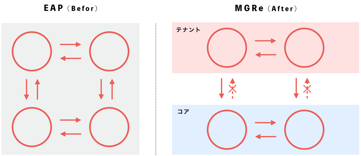 MGReの柔軟性を語る上で欠かせないのが、EAP→MGReに移行する当初からの設計方針だ。EAPではクライアント毎にフルスクラッチに近い形でカスタマイズ開発を行っていたが、SaaS化するにあたり、共通機能のコア部分と柔軟性のあるテナント領域に分けた。これがMGRe最大の特長だ。
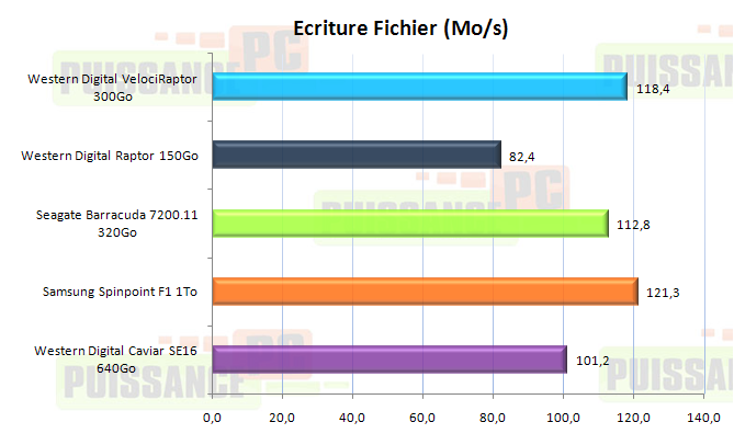 Ultime test HDD de PCmark05, File Write éprouve les capacités en écriture des disques durs. Là, c’est une courte victoire du F1 1To devant le VelociRaptor et le 7200.11. Derrière on retrouve le Caviar puis à bonne distance le Raptor 150Go à nouveau dernier…
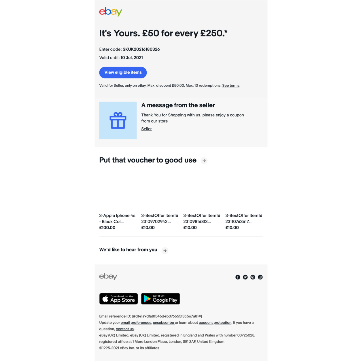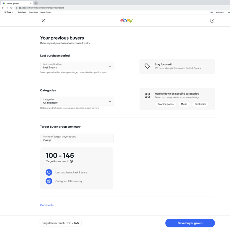 自2021年10月起,賣家可自賣家中心向特定買家群組發送定制優惠券代碼。今年早些時候,eBay為使用店鋪的賣家推出新的編碼優惠券工具。賣家可使用該新工具透過eBay平台或自己的營銷渠道發送,列印和分享優惠券來向買家提供折扣。

* _What the task asks_
Repeat only the lines from the one holding "Ultime test HDD" through the last line of the data, inclusive. Keep the pictures out.

* _Problem solution_
 Ultime test HDD de PCmark05, File Write éprouve les capacités en écriture des disques durs. Là, c’est une courte victoire du F1 1To devant le VelociRaptor et le 7200.11. Derrière on retrouve le Caviar puis à bonne distance le Raptor 150Go à nouveau dernier…
 自2021年10月起,賣家可自賣家中心向特定買家群組發送定制優惠券代碼。今年早些時候,eBay為使用店鋪的賣家推出新的編碼優惠券工具。賣家可使用該新工具透過eBay平台或自己的營銷渠道發送,列印和分享優惠券來向買家提供折扣。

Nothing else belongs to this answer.